Calvin and Hobbes: Something Under the Bed is Drooling (Andrews and McMeel squarebound softcover edition) – Bill Watterson

3 out of 5

Early C & H.  Don’t get me wrong – all of Calvin and Hobbes contained the core elements that kept it so unique and made its effect long lasting, but it definitely took Watterson time to either find his exact voice or get comfortable with being 100% cynical and silly (or both).

As is the case with collections, addressing more the publication and content covered.

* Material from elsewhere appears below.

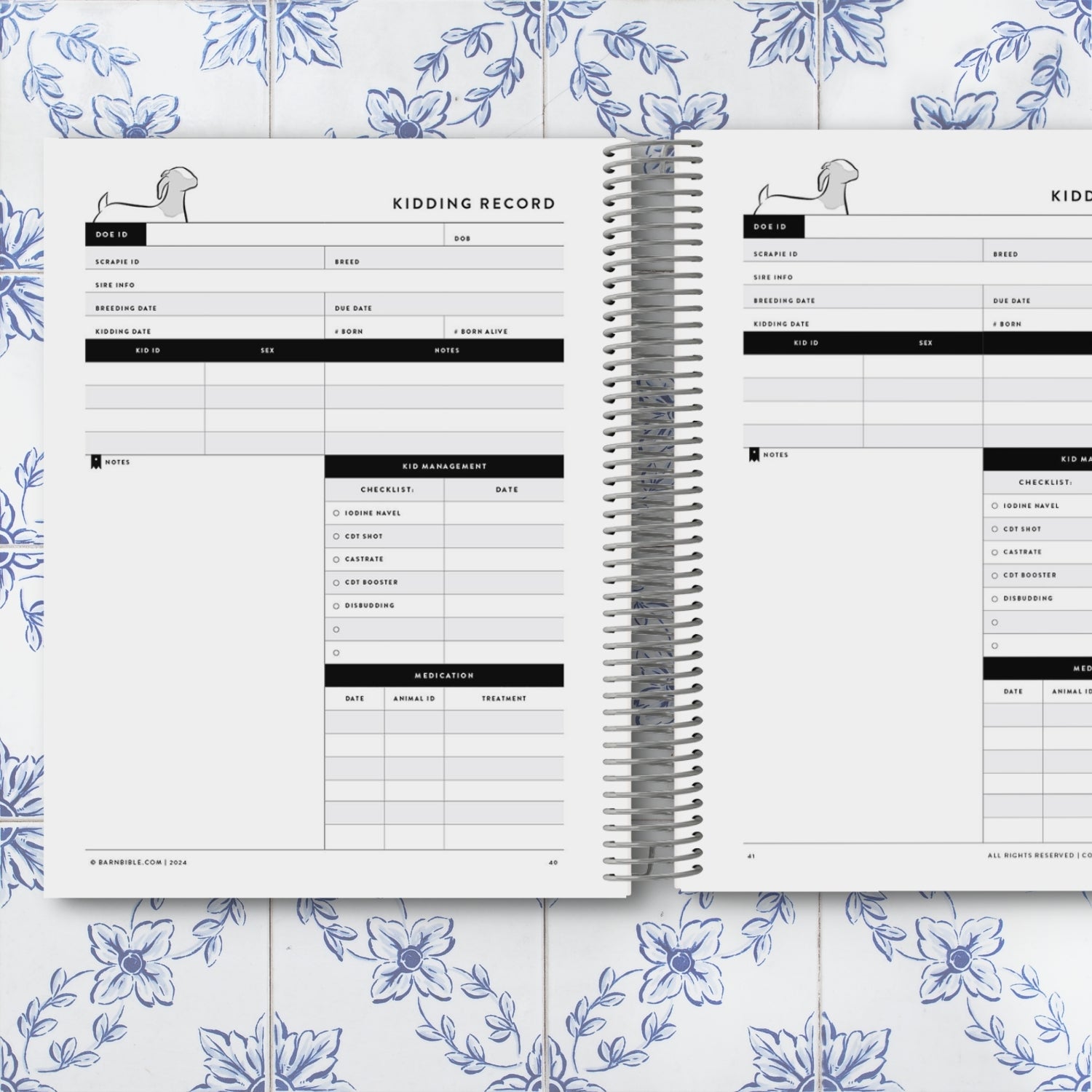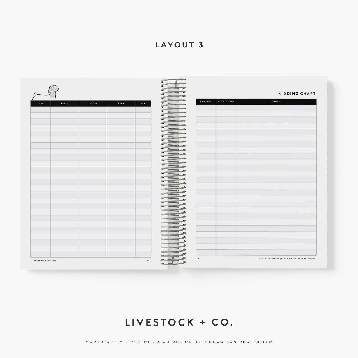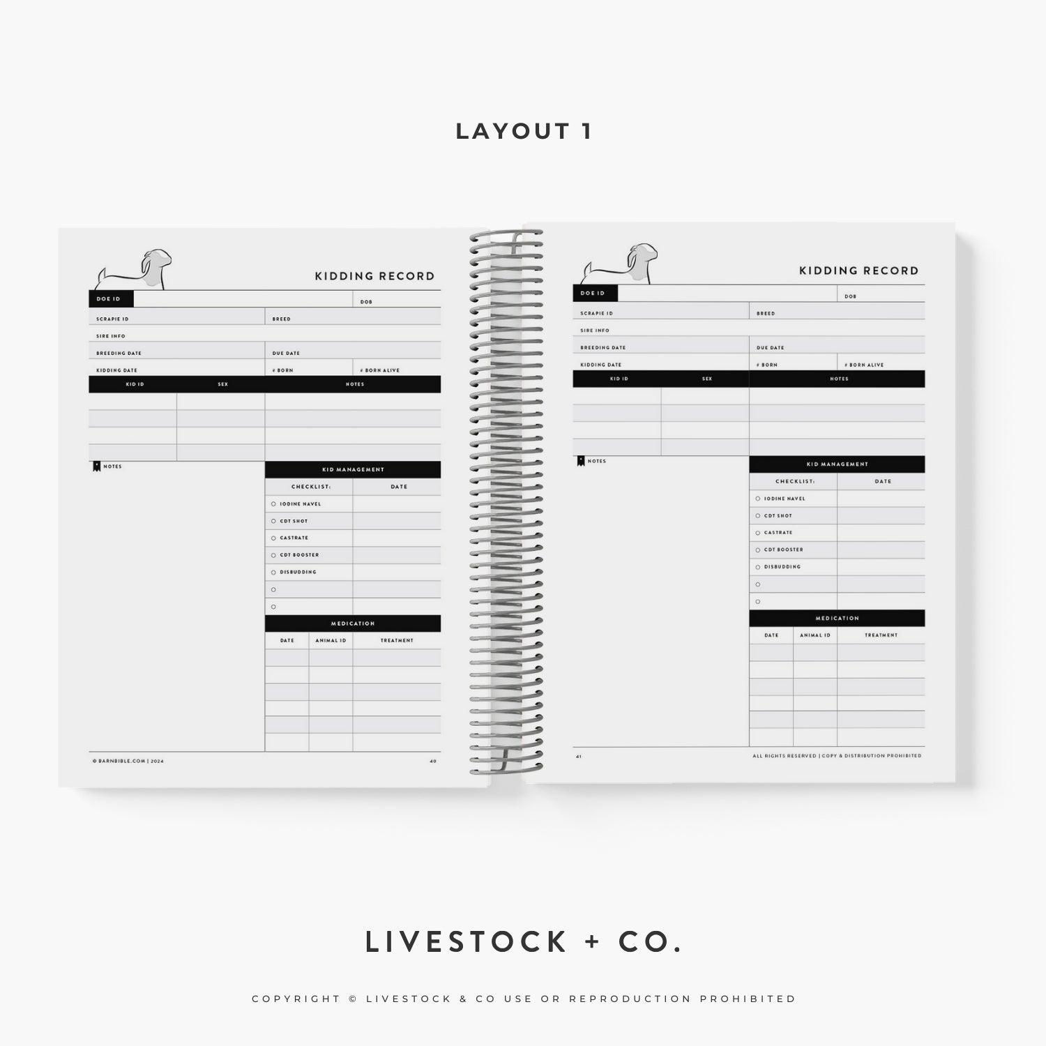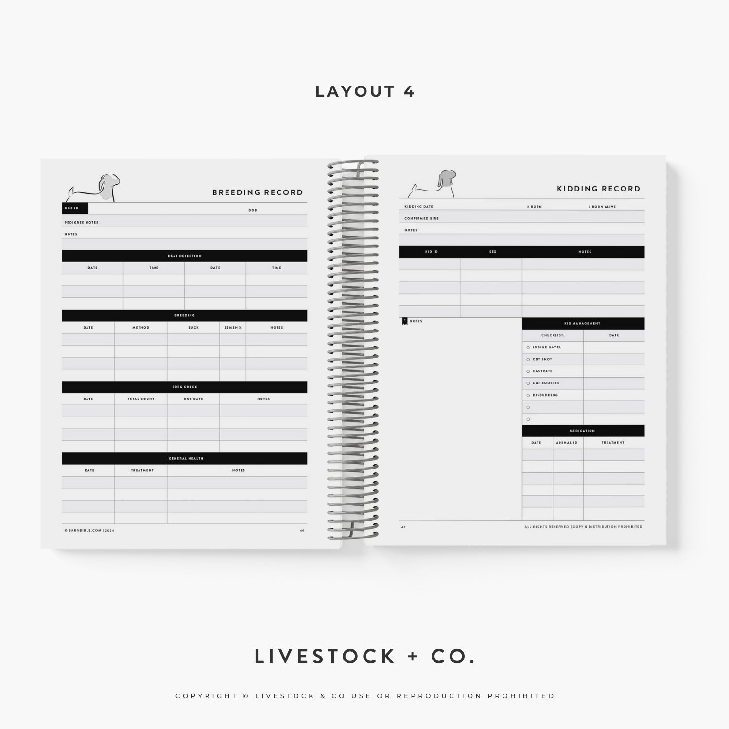 This layout is perfect for goat families who want every detail of each kidding right where they can use it. Track doe information, birth notes, kid stats, and newborn care all on a single spread. With built-in kid-management checklists and a medication log, it’s made for hands-on herds where every birth matters and nothing slips through the cracks.

As I’ve said about the squarebound editions, they are nicer for reading but they do rob the strip of its widescreen effec.  And jamming 2-3 strips per page, while it can help the flow if there are linked concepts or plots, can also render those ‘poignant’ C & H moments all too easy to bypass.  There’s also the oddity of the Andrew and McMeel editions that the strips either went to an undesired page count OR perhaps they wanted to include extra material, so every few pages there’s a random Calvin drawing on the bottom.  Again, nice, but because they have no relation to anything, they can sometimes seem incorrectly matched with whatever emotion is happening in the strip – for example if we get a girl-bashing strip and then the drawing below is something ‘heartwarming’.  Aw, cynical no longer.  Pfft.  It might be because my copy of the book has been through the wringer, but it also seems like this early collection (this was the 2nd Calvin book) is a step down in page quality.  The paper is still thick but has a cheap look to it, and is off-white as opposed to bright white of some of my other squarebounds.

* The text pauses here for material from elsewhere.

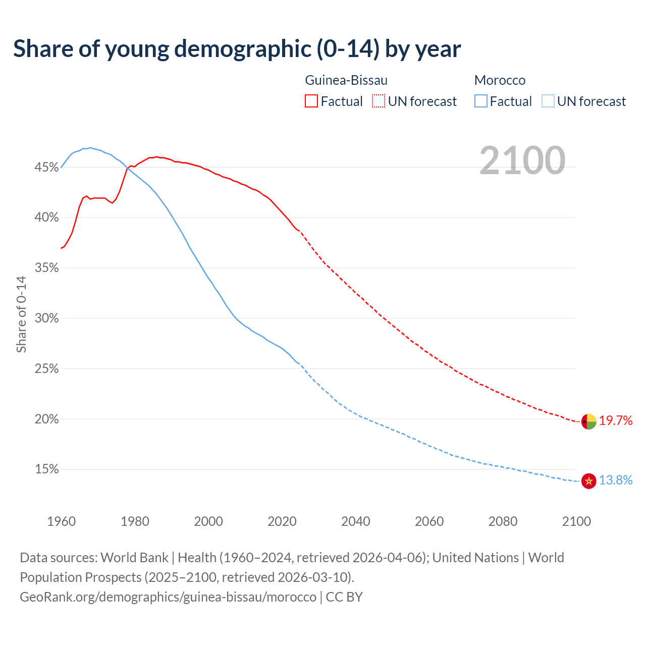 - The share of young demographic (0-15 years old) in Guinea-Bissau is 38.8% vs 25.6% in Morocco.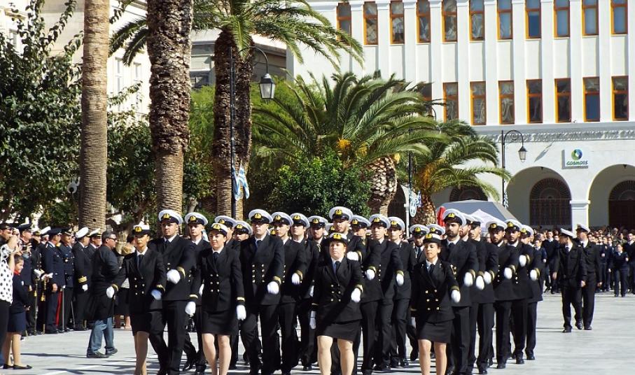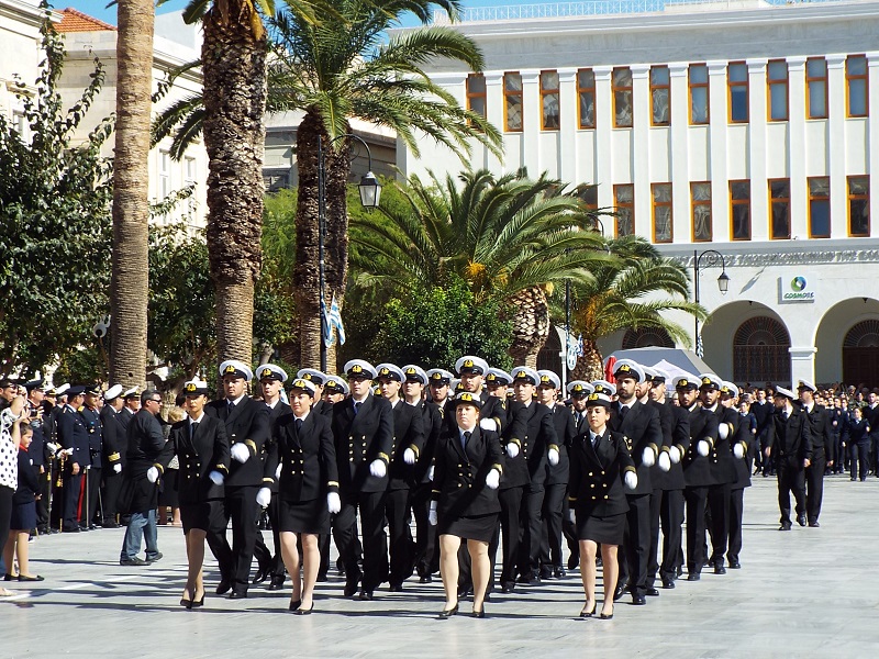 Μαθητές, σπουδαστές, μέλη αθλητικών και πολιτιστικών συλλόγων, καθώς και το Τάγμα Εθνοφυλακής Ερμούπολης παρέλασαν ενώπιον του Βουλευτή Κυκλάδων Αντώνη Συρίγου, εκπροσώπων της τοπικής αυτοδιοίκησης, των στρατιωτικών αρχών και των σωμάτων ασφαλείας, φορέων, καθώς και πλήθους κόσμου.

Content: In terms of extras you get a foreward by Pat Oliphant, whom I don’t know, but maybe you do.  (Wikipedia does.  Still don’t know ‘im.)  Not just because the name isn’t familiar, but his words seem like empty praise.  I have no doubt he digs the strip, but it just feels like such a generic, searching for a tagline ‘this is great’ opener that its, eh, not worth much.  Sorry, Pat.  The collection of work touches on a couple familiar Calvinisms – origin of the Transmogrifier, some babysitter interaction – but also has a couple early gags that were more kind-hearted and Watterson making sure we knew the line between fantasy and reality.  There was even a strip that sort of broke the “is the tiger real?” meta question because it directly flip-flopped from real to stuffed in a way that leaves no question that this is all in Calvin’s head.  Certain tropes seemed to be not quite established at all, as we get several strips of Calvin maybe sorta being okay with Susie.  Weird.  And yes, environmentalism has always lurked around the strip, but its really sappy obvious here.  There are some strips that just go for a “nature rocks, people sucks” peace sign without a wistful Calvin statement or gag to highlight some kind of disconnect.  Things were just less layered back in these Calvin days.  So it’s still fun, but not near as sharp as later eras.

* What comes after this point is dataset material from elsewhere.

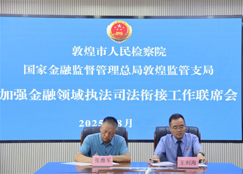 近日,敦煌市人民检察院与国家金融监督管理总局敦煌市监管支局联合召开金融领域执法司法衔接工作联席会,旨在强化金融检察与监管协同合力,聚焦惩治预防金融犯罪、维护金融安全、保障群众利益三大核心目标,畅通衔接渠道以提升金融领域治理效能。

The drawing feels the same way.  There’s actually a pleasant looseness to things here, which gives the book a sort of fledgling charm vs. the sure-handed scrappiness that would come, but the sacrifice is that Calvin’s expressions are sometimes a little too ‘duh’ and the proportions are sometimes off, Bill apparently fiddling with just the right tiger to boy ratio.

Obviously there’s no deterring Calvin fans from owning these strips in one collection or another, and the series does not suffer from being unreadable at any given point.  There’s plenty to laugh at here.  But beyond what was always a fun setup, the humor and writing are a bit more traditional in the strips in ‘Drooling.’